Friday, December 13, 2013

Birds and dinosaurs

For some reason creationists are in a crusade to try to discredit the notion that birds have evolved from dinosaurs. It's probably their second-most popular specific claim that they oppose about evolutionary history (the most popular being, of course, that humans and apes have a common ancestor species.) I don't even understand why they hate the notion that much. Even the creationists who accept 99% of the theory of evolution (without using that name, of course) still oppose the notion that birds are dinosaurs.

There are a couple of scientists who, while not being creationists, also loudly oppose the notion that birds evolved from dinosaurs. They are very vocal, and are sometimes quoted in tabloids and blogs.

Naturally creationists often cling to these tabloid articles as well. It really helps bolster their anti-evolutionary movement when they can quote newspaper headers like "birds have not evolved from dinosaurs after all, say scientists".

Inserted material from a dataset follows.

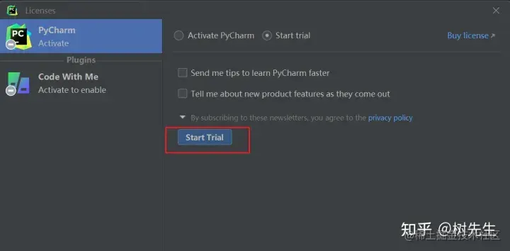 7、然后要求我们激活,这个我们后面再激活,这里选择“Start trial”,需要先注册/登录Jet Brains的账号

There's a huge irony in this, however. Those few scientists are not defending creationism. Their claim is that birds and dinosaurs have a more ancient common ancestor, rather than birds having evolved directly from dinosaurs. (This claim has been discredited by paleontologists and evolutionary biologists time and again, but it's still a somewhat rational and scientific hypothesis to make. It simply puts into question where exactly birds branched out in the evolutionary tree, and proposes that it happened earlier.)

In other words, the creationists are promoting an alternative evolutionary tree for birds, without realizing it. Those scientists who create those controversial tabloid news headers are not claiming that evolution didn't happen. They are simply saying that birds evolved from a more ancient ancestral species than dinosaurs.

Thursday, November 28, 2013

The Bible needs constant reassurance

Have you noticed how so many Christians, especially apologists, are constantly repeating the same mantras about how "the Bible is the perfect word of God", how it's infallible and unchanging, how there are no contradictions, how it's morally absolute, and so on? Likewise Christians are constantly repeating how God is good, God loves you, etc.

Many people have noticed, and they make a quite good point, that this is quite telling about the Bible.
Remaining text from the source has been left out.